Note that we now have an fcmp instruction with a fast flag. As a consequence, llvm-pretty-bc-parser fails to parse it:

λ> parseBitCodeFromFile "test.bc"
Left (Error {errContext = ["FUNC_CODE_INST_CMP2","@main","FUNCTION_BLOCK","FUNCTION_BLOCK_ID","value symbol table","MODULE_BLOCK","Bitstream"], errMessage = "parseField: unable to parse record field 3 of record Record {recordCode = 28, recordFields = [FieldLiteral (BitString {bsLength = 5, bsData = 1}),FieldLiteral (BitString {bsLength = 5, bsData = 7}),FieldLiteral (BitString {bsLength = 5, bsData = 14}),FieldLiteral (BitString {bsLength = 10, bsData = 254})]}"})
RyanGlScott commented 3 years ago

To add a wrinkle in all of this, the example in https://github.com/GaloisInc/llvm-pretty-bc-parser/issues/158#issuecomment-910958621 demonstrates a situation where an fcmp instruction in an .ll file seemingly lacks fast-math flags, but the corresponding .bc file does have fast-math flags. This can be verified by running llvm-bcanalyzer-10 test.bc -dump, which shows an INST_CMP2 with four operands (one for the comparison type, two for the argument values, and one for the fast-math flags) instead of the usual three:

<INST_CMP2 op0=4294967292 op1=0 op2=8 op3=14/>

I'm not quite sure why this happens, but either way, the culprit is the presence of fast-math flags in the .bc file.
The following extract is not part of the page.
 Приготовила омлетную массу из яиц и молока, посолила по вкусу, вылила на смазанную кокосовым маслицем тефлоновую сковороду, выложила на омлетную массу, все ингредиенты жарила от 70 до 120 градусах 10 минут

Ptival commented 3 years ago

I'm seeing the following with the current master:

  %149 = fcmp ogt float %145, %148, !dbg !DILocation(line: 62, column: 12, scope: !256754, inlinedAt: !256755)
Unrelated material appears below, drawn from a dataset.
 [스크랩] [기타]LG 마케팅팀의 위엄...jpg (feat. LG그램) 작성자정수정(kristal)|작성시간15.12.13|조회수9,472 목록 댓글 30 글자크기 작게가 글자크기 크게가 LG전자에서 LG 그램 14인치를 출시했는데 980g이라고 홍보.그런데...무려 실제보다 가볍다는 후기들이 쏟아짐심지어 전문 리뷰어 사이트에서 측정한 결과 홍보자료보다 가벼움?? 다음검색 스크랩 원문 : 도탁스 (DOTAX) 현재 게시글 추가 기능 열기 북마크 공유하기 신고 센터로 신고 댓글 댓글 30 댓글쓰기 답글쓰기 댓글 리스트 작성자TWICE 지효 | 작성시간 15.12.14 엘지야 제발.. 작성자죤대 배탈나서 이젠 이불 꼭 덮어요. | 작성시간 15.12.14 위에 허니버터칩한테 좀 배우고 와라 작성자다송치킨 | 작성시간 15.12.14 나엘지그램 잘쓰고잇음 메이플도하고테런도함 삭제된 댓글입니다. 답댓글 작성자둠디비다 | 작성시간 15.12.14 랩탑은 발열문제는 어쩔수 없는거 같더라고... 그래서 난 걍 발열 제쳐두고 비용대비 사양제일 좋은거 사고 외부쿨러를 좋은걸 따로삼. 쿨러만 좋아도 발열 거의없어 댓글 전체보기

Does this mean the problem is fixed?

RyanGlScott commented 3 years ago

I believe it is fixed, but I never figured out how to test against PX4_Autopilot, so I left this issue open as a reminder to do so—see https://github.com/GaloisInc/llvm-pretty-bc-parser/pull/161#issuecomment-920886753. (Is the code you're testing from PX4_Autopilot?)
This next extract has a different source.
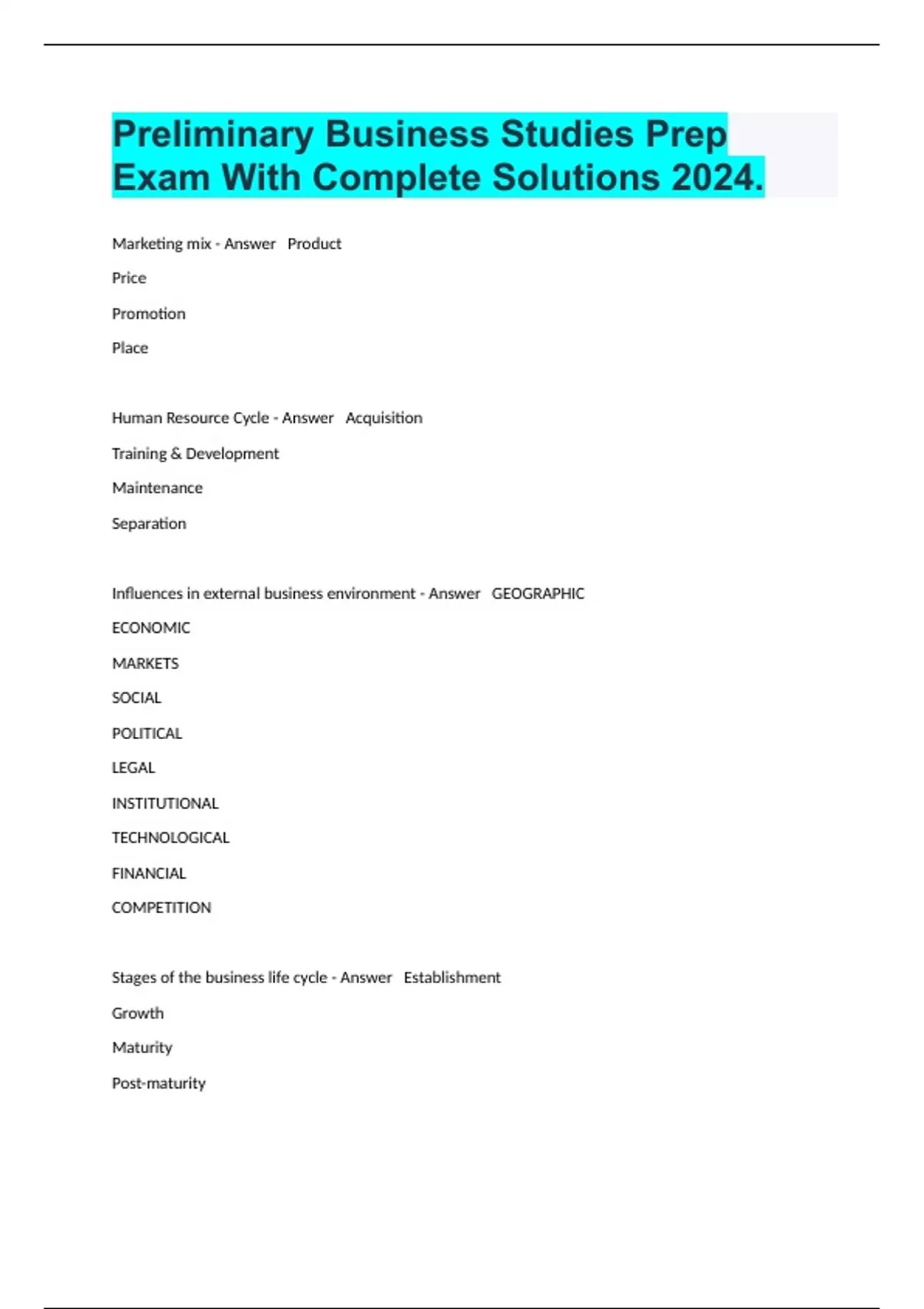 Preliminary Business Studies Prep Exam With Complete Solutions 2024.

kquick commented 3 years ago

I was encountering multiple issues with the PX4_Autopilot code base (using build-bom extracted BC files). It was definitely encountering the fcmp issue that is fixed above, but when I patched around that issue, it ran into other problems. Since it's a stream of bits, it's entirely possible that my workaround was insufficient to get things back on track and this was the only issue, but I was unable to use anything later than LLVM9 on that code base and successfully parse it, so I would recommend repeating that experiment to see how things stand now with the above fix in place.

RyanGlScott commented 3 years ago

I've been unable to even compile PX4_Autopilot with Clang to obtain .bc files, so I don't know how to test this myself. Can you describe how you did so?

Ptival commented 3 years ago

I can confirm that, after fixing some bugs in the handling of fast math flags, I also read the correct operand in a bitcode file obtained via LLVM 10.

I need to fix some other bugs to be able to read the bitcode file obtained from LLVM 12.

@RyanGlScott I am using a nix flake provided by @kquick to get bitcode files from PX4_Autopilot. To quote Kevin:

The way it works is that the build-bom generate-bitcode BLDCMD runs BLDCMD but it watches for clang compilations and when it sees one, it re-issues the clang compilation with options to generate LLVM bitcode. It then places the generated LLVM bitcode in a tar file and then adds that tarfile to the ELF file (.o or the exe) in a special section ".llvm_bitcode". The build-bom extract-bitcode is looking for that section to retrieve the tarfile, from which it can get the llvm bitcode file. The reason it uses a tarfile is that tarfiles can be concatentated together and the result is also a valid tarfile. So linking multiple .o files will concatenate their sections, which gives you a a tarfile with all the bitcodes in it.